因为 shift() 重新索引数组,所以大数组上的 shift 方法非常慢。
var array = [];
for(var i = 0;i< 1000000;i++){
array.push(i)
}
var start = new Date().getTime()
for(var i = 0; i< 100000; i++){
array.shift();
}
var duration = new Date().getTime() - start;// duration is so large, greater than 3 minutesBut the duration is just 8ms when using linked-queue
但是使用链接队列时的持续时间仅为 8ms
var LQueue = require('linked-queue')
var queue = new LQueue()
for(var i = 0;i< 1000000;i++){
queue.enqueue(i);
}
console.log("Queue length:"+ queue.length);
var start = new Date().getTime()
queue.dequeueAll(function(data){
})
var end = new Date().getTime();
console.log("Time:" + (end - start));// 8 ms
console.log("Queue length:"+ queue.length);回答by Pacerier
The difference can be negligible—Unoptimized executors may run shiftmuch slower than pop, but optimized ones won't.

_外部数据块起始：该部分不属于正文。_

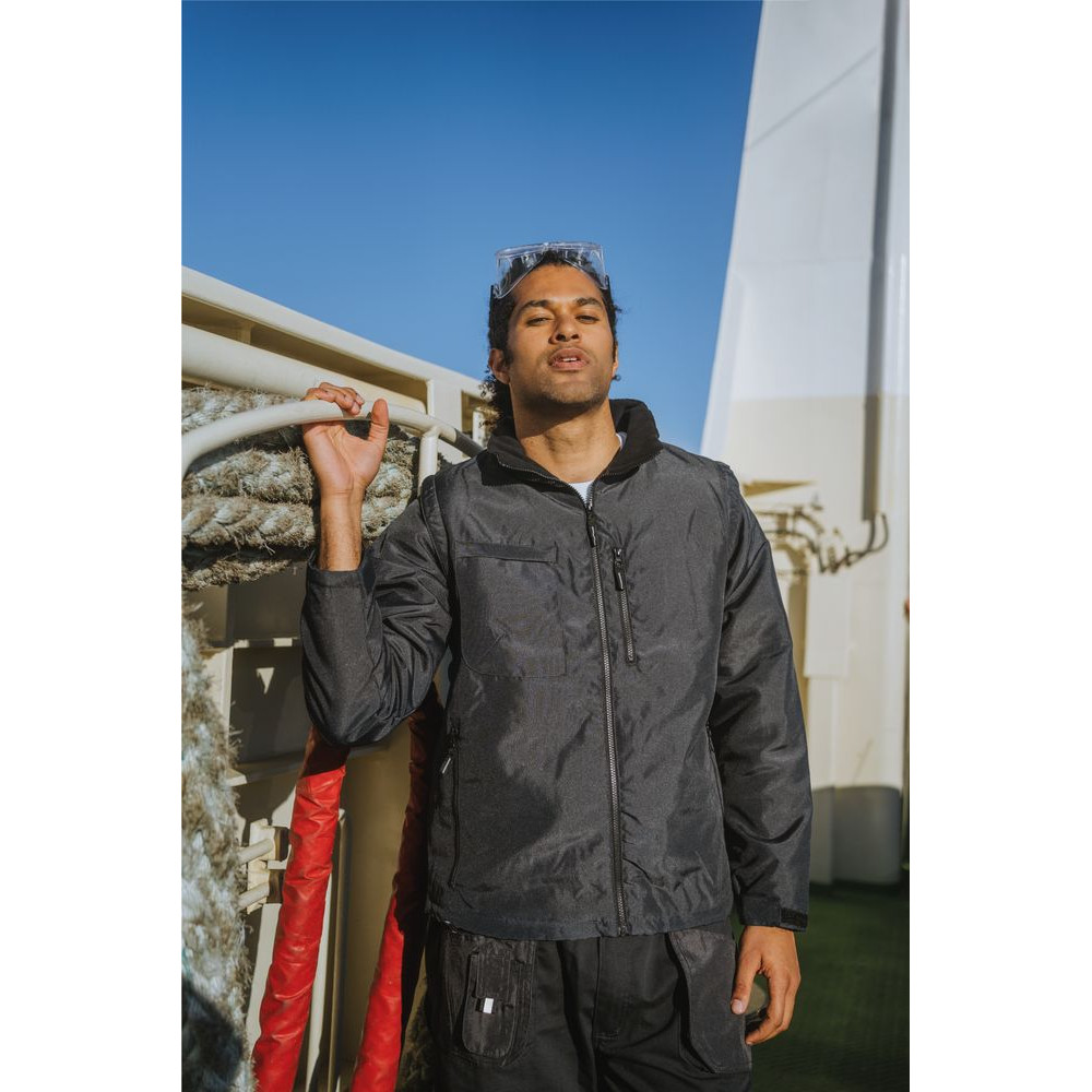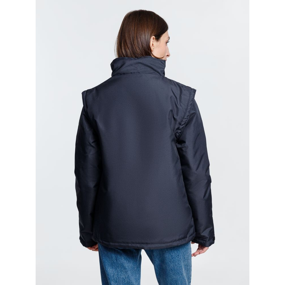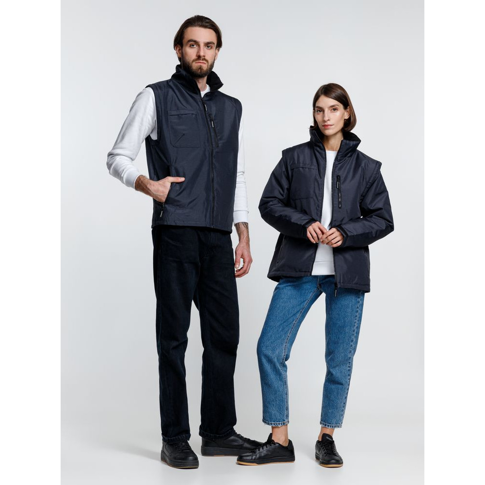 Куртка-трансформер, которая превращается в утепленный жилет. Выполнена из ткани оксфорд с водоотталкивающим покрытием. Модель унисекс.

差异可以忽略不计——未优化的执行程序运行shift速度可能比 慢得多pop,但优化的执行程序不会。
You can optimize like this:
你可以这样优化:
let WrapArray = _=>{
//Ensure no other ref to `_`.
let numlike = _=>isNaN(_)?false:true
let num = _=>Number(_)
{
let shift_q = 0
return new Proxy(_, {
get(first_t, k){
switch(k){
case 'shift': return (z={})=>(z.r=first_t[0 + shift_q], delete first_t[0 + shift_q++], z.r)

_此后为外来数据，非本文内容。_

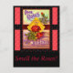 Deco de arte em estilo, esta ilustração é de uma etiqueta de Witch Hazel antiga com um quadro de ornamentado e rosas vermelhas.

break; case 'length': return first_t.length - shift_q
break; default: return first_t[numlike(k)?num(k) +/*todo overflowguard*/shift_q:k]
}
},
set(first_t, k, v){
switch(k){
case 'length': first_t.length = v + shift_q
break; default: first_t[numlike(k)?num(k) +/*todo overflowguard*/shift_q:k] = v
}
},
has(first_t, k){
return (numlike(k)?num(k) +/*todo overflowguard*/shift_q:k) in first_t
},
deleteProperty(first_t, k){
delete first_t[numlike(k)?num(k) +/*todo overflowguard*/shift_q:k];return 543
},
apply(first_t, t, s){
first_t.call(t, s)
},
construct(first_t, s, t){
new first_t(...s)
},
})
}
}
(_=WrapArray(['a','b','c'])).shift()
console.log(_.length/*2*/, _[0]/*b*/, _[1]/*c*/, _[2]/*undefined*/)
回答by Mikola
If you shift, you have copy all the elements in the array backwards. To pop, you only need to decrement the length of the array. Technically, an implementation could get around this, but you would need to store an extra `shift' variable that tells you where the real start of the array is. However, this type of operation has not proven to be very useful in practice and so most implementations save space by only storing a start of array pointer and a length value.
如果您移动,您将向后复制数组中的所有元素。要弹出,您只需要减少数组的长度。从技术上讲,一个实现可以解决这个问题,但是你需要存储一个额外的“shift”变量,它告诉你数组的真正开始在哪里。然而,这种类型的操作在实践中并没有被证明非常有用,因此大多数实现通过只存储数组指针和长度值来节省空间。